I would use this for anything that is simple enough and recursive descent for anything more complicated and where even more context is needed for errors.

ratmice•1mo ago
I always feel that when saying lex/yacc style tools, it comes with a lot of preconceived notions that using the tools involves a slow development cycle with code gen + compilation steps.

What drew me to the grmtools (eventually contributing to it) was that you can evaluate grammars basically like an interpreter without going through that compilation process. Leading to a fairly quick turnaround times during language development process.

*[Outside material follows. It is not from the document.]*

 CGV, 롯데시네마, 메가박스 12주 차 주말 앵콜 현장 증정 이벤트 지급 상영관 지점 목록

I hope this year I can work on porting my grmtools based LSP to browser/wasm.

sureglymop•1mo ago
I've seen your commits, thank you sincerely for your work!
dcrazy•1mo ago
I’m curious why the author chose to model this as an assertion stack. The developer must still remember to consume the assertion within the loop. Could the original example not be rewritten more simply as:

    const result: ast.Expression[] = [];
    p.expect("(");
    while (!p.eof() && !p.at(")")) {
     subexpr = expression(p);
     assert(p !== undefined); // << here
     result.push(subexpr);
     if (!p.at(")")) p.expect(",");
    }
    p.expect(")");
    return result;
matklad•1mo ago
I assume you ment to write `assert(subexpression != undefined)`?

This is resilient parsing --- we are parsing source code with syntax errors, but still want to produce a best-effort syntax tree. Although expression is required by the grammar, the `expression` function might still return nothing if the user typed some garbage there instead of a valid expression.

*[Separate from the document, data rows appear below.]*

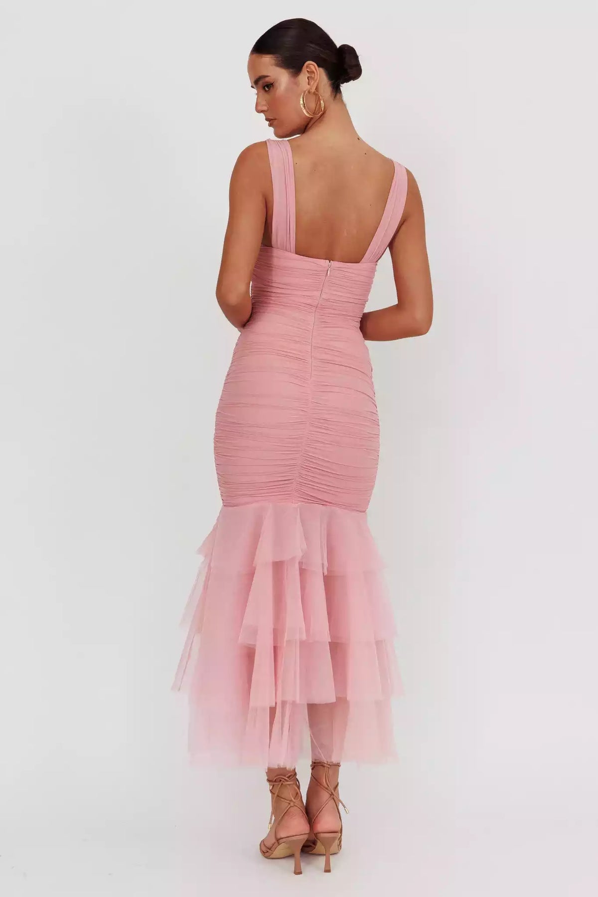 Stunning fish tail design with pleated embellishments, sheer mermaid hem, invisible back zipper Prom Dresses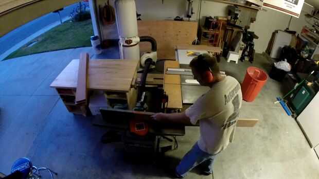 Tomar el borde recto y lugar contra el tope-guía de la mesa vio y cortar a la anchura final + un poco para uno último pasen en la ensambladora (mi poquito es 1/32").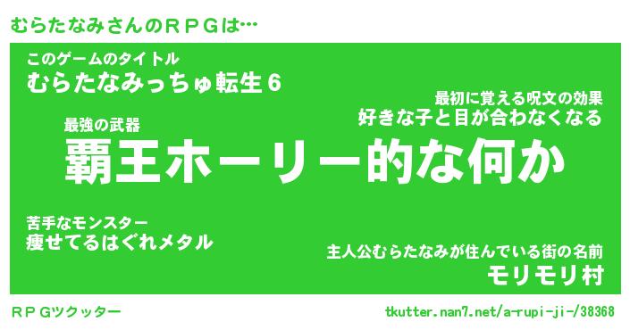 | 男性向けラノベタイトル風あだ名 | 『ムラタナミアートオンライン』 |

However, even if we return nothing due to garbage, there are two possible behaviors:

* We can consume no tokens, making a guess that what looks like "garbage" from the perspective of expression parser is actually a start of next larger syntax construct:

``` function f() { let x = foo(1, let not_garbage = 92; } ```

In this example, it would be smart to _not_ consume `let` when parsing `foo(`'s arglist.

* Alternatively, we can consume some tokens, guessing that the user _meant_ to write an expression there

``` function f() { let x = foo(1, /); } ```

In the above example, it would be smart to skip over `/`.